This is a re-submission of a patch I sent to the linux-scsi mailing list
several months back
(http://marc.theaimsgroup.com/?l=linux-scsi&m=111290555013699&w=2).


In summary, the patch fixes:

1. an oops in sg_remove, if it's called when the device has been opened,
which occurs because the sg_dev_arr_lock is dropped too soon and
sg_remove_sfp frees the sdp before sg_remove is done with it.
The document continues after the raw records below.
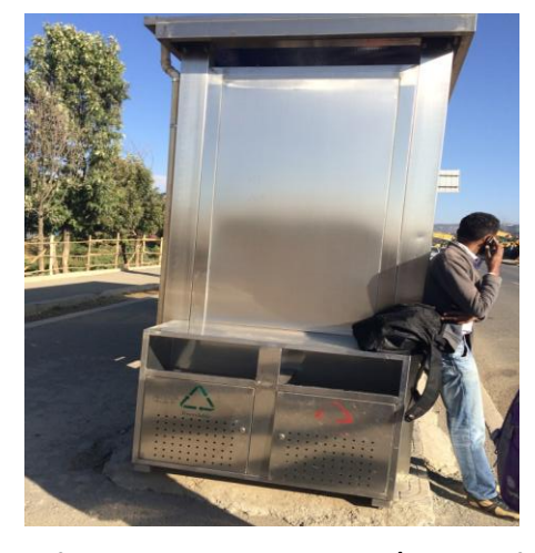
Garbage Bin at Bus Station (Not much noticeable)

She immediately bent down, picked it and threw into the bin prepared for the purpose.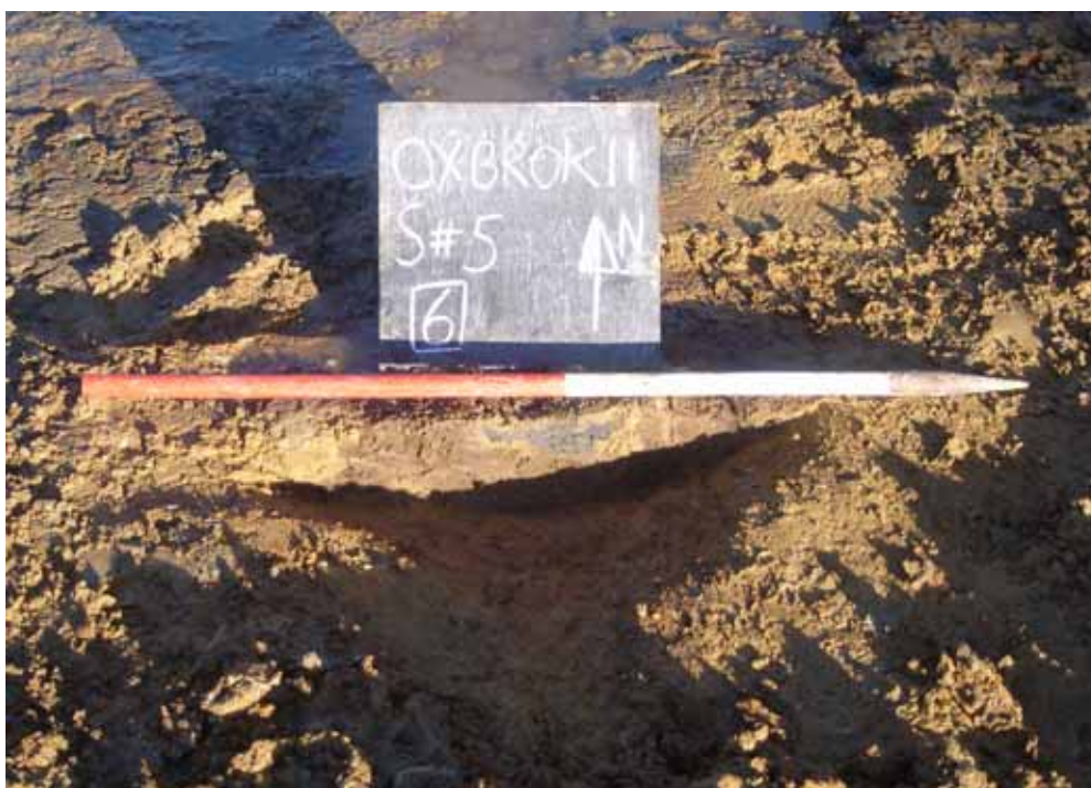
'Soil anomaly' context 6 and 7.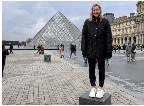
Traveling to new places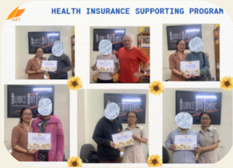
AAT provides health insurance cards.

In Vietnam, AAT conducted outreach programs targeting young women in prostitution to support alternative employment and provide crucial health services. AAT reached 2,807 young women and provided health insurance support and sexual health services to 2,479 of them.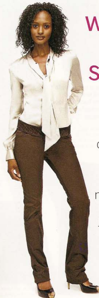
SILK CHARMEUSE BLOUSE, $295, MASON BY MICHELLE MASON. SELECT BARNEYS NEW YORK, 888-8-BARNEYS. STRETCH SATIN PANTS, $129, BEBE.COM. PATENT-TRIM SUEDE BELT, $48, CALVIN KLEIN. SELECT MACY'S, 800-343-0121. PATENT LEATHER "MERRI" SLINGBACKS, $99, GUESS FOOTWEAR, GUESS.COM

Going head to toe in this gleamy material can actually look really sleek (as opposed to really disco): Keep the palette neutral and make sure one piece—like these pants—has just slightly less sheen than the other.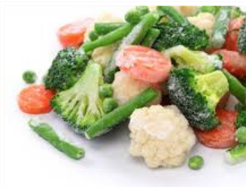
DAIRY & VEGETABLES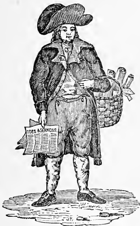
JONATHAN PLUMMER, POET LAUREATE TO LORD DEXTER.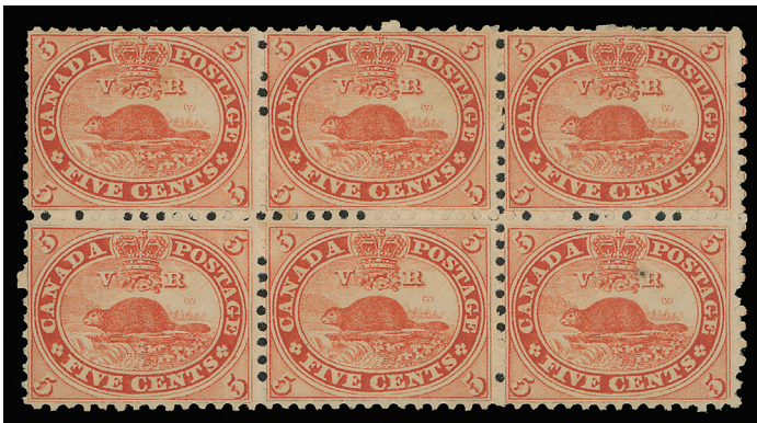
Lot 257 - Realized $12,440

2. a case in sg_remove_sfp where a reference isn't dropped, but should
be.


I found a problem with my original patch... I was calling
scsi_device_put (which may eventually sleep, at least in the 2.6.9
kernel I'm using) from sg_remove_sfp while holding a spinlock. Hence the
revised patch.

The attached patch is against kernel 2.6.14rc2. I retested in a recent
kernel to verify that these problems still exist and are fixed by the
patch.


Nate Dailey
Stratus Technologies


Signed-off-by: Nate Dailey <nate.dailey@stratus.com>

[-- Attachment #2: sg.c.patch2614rc2nd --]
[-- Type: application/octet-stream, Size: 2126 bytes --]
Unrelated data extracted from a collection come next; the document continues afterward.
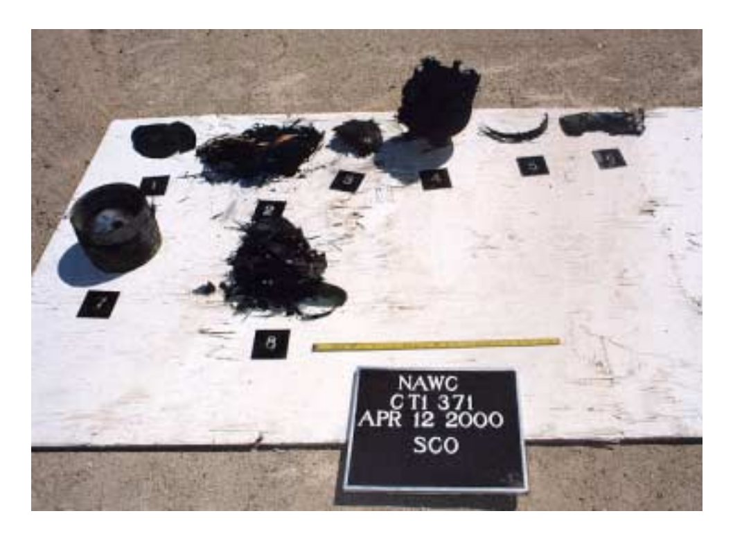
FIGURE 6. Material Recovered Following Slow Cookoff Testing of IM Motor.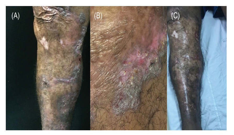
Figure 1 - Erythematous-violaceous infiltrated verrucous borders lesion with hematic crusts extending anteriorly from the upper border of the right knee to the lower third of the right leg (A) and a plaque with a dyschromic atrophic center (B). Regression of cutaneous lesions six months after the beginning of treatment with an atrophic plaque in the entire region, previously affected, on right lower limb (C).

The patient received a combined treatment for six months composed of ethambutol 400 mg three times a day for three months, rifampicin 300 mg twice daily for six months and trimethoprim-sulfamethoxazole (160 mg + 800 mg) twice daily for six months; topical treatment was not performed. The verrucous lesions disappeared (Figure 1C), leaving a dystrophic atrophic plaque in the affected region, with no relapse to date.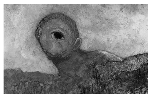
Detail of The Cyclops (about 1914) Odilon Redon. Oil on canvas. Kroller-Muller Museum, Otterlo, Netherlands.

When the young Dawn with fingertips of rose lit up the world, the Cyclops built a fire 1 and milked his handsome ewes, all in due order,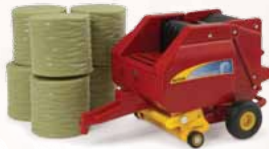
ERT13811 1:64 BR7090 Round Baler with 6 Bales Pack: 12 Opening bale chamber tailgate to unload bales.

--- sg.c.orig	2005-09-22 10:31:51.000000000 -0400
+++ sg.c	2005-09-22 10:41:28.000000000 -0400
@@ -319,9 +319,7 @@ sg_release(struct inode *inode, struct f
 	SCSI_LOG_TIMEOUT(3, printk("sg_release: %s\n", sdp->disk->disk_name));
 	sg_fasync(-1, filp, 0);	/* remove filp from async notification list */
 	if (0 == sg_remove_sfp(sdp, sfp)) {	/* Returns 1 when sdp gone */
-		if (!sdp->detached) {
-			scsi_device_put(sdp->device);
-		}
+		scsi_device_put(sdp->device);
 		sdp->exclude = 0;
 		wake_up_interruptible(&sdp->o_excl_wait);
 	}
@@ -1631,19 +1629,29 @@ sg_remove(struct class_device *cl_dev)
 		sg_nr_dev--;
 		break;
 	}
-	write_unlock_irqrestore(&sg_dev_arr_lock, iflags);
 
 	if (sdp) {
-		sysfs_remove_link(&scsidp->sdev_gendev.kobj, "generic");
-		class_device_destroy(sg_sysfs_class, MKDEV(SCSI_GENERIC_MAJOR, k));
-		cdev_del(sdp->cdev);
+		struct cdev *tmp_cdev;
+		struct gendisk *tmp_disk;
+		int free_sdp = 0;
+
+		tmp_cdev = sdp->cdev;
 		sdp->cdev = NULL;
-		devfs_remove("%s/generic", scsidp->devfs_name);
-		put_disk(sdp->disk);
+		tmp_disk = sdp->disk;
 		sdp->disk = NULL;
 		if (NULL == sdp->headfp)
+			free_sdp = 1;
+		write_unlock_irqrestore(&sg_dev_arr_lock, iflags);
+
+		sysfs_remove_link(&scsidp->sdev_gendev.kobj, "generic");
+		class_device_destroy(sg_sysfs_class, MKDEV(SCSI_GENERIC_MAJOR, k));
+		cdev_del(tmp_cdev);
+		devfs_remove("%s/generic", scsidp->devfs_name);
+		put_disk(tmp_disk);
+		if (free_sdp)
 			kfree((char *) sdp);
-	}
+	} else
+		write_unlock_irqrestore(&sg_dev_arr_lock, iflags);
 
 	if (delay)
 		msleep(10);	/* dirty detach so delay device destruction */
@@ -2609,10 +2617,12 @@ sg_remove_sfp(Sg_device * sdp, Sg_fd * s
 			}
 			if (k < maxd)
 				sg_dev_arr[k] = NULL;
+			write_unlock_irqrestore(&sg_dev_arr_lock, iflags);
+			scsi_device_put(sdp->device);
 			kfree((char *) sdp);
 			res = 1;
-		}
-		write_unlock_irqrestore(&sg_dev_arr_lock, iflags);
+		} else
+			write_unlock_irqrestore(&sg_dev_arr_lock, iflags);
 	} else {
 		/* MOD_INC's to inhibit unloading sg and associated adapter driver */
 		/* only bump the access_count if we actually succeeded in

^ permalink raw reply	[flat|nested] 4+ messages in thread

end of thread, other threads:[~2005-09-23 18:03 UTC | newest]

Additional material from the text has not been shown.